Boahene describes the day as “over the top.”

 “Everyone was just very emotional when seeing the hospital for the first time,” says Kapsambelis, who was there to film the event. “I get choked up when I think about his journey.”

The West Africa Institute for Special Surgery (WAISS) offers a full range of otolaryngology services, including minimally invasive skull-base surgeries, facial reconstructive procedures and craniofacial surgeries, as well as urology services, neurosurgery for minor tumors, sleep medicine, and interventional spine and pain management. 

Boahene and his team recently performed what’s believed to be the first laparoscopic kidney resection for cancer ever completed in Accra. They also treated a patient with facial paralysis who traveled from Nigeria to receive a specialized facial reanimation surgery.

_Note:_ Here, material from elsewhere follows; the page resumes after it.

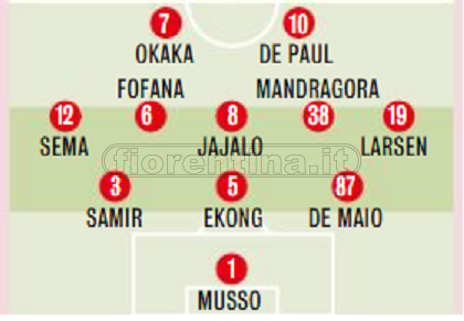 Dovrebbe arrivare al Franchi senza Becao l’Udinese di Igor Tudor, ma con De Paul che rientra dalla squalifica. Sarà 3-5-2 per i bianconeri a Firenze. Davanti coppia De Paul-Okaka. In mediana Mandragora, Jajalo e Fofana nel mezzo, Sema e Stryger Larsen sulle corsie. Dietro l’ex De Maio assieme e Ekong e Samir. In porta Musso.

“I’ve found electrical equipment made in Turkey, and I’ve found floor tiles in Spain. I’ve learned so much about hospitals that when I’m working in them now, I don’t see them the same way anymore.” 

Kofi Boahene
Boahene responds to questions from local journalists.
Boahene responds to questions from local journalists.

At its core, WAISS is a teaching hospital. Boahene and his team want to bring in African men and women for fellowships to acquire specialized skills in surgery, which they can use to make a living providing world-class care in their own region. The team recently signed on their first apprentice, a female physician from Ghana.

The instructional expertise comes from Boahene’s past and present colleagues, who he’s enlisted for rotations and conferences in Accra and remote lectures. Boahene’s work in Ghana is already known throughout his department at Johns Hopkins, and he wants to build a formal surgery rotation for Johns Hopkins residents at WAISS.

He hopes one day for the hospital in Accra and its mission to be sustainable without his close eye, in both funding and operations. Ghana is always home, but Boahene is not planning to move back anytime he can imagine. He remains perpetually tugged between his two worlds, back and forth between Baltimore and Accra.

“The success of this place,” he says of his hospital, “should not revolve around me.”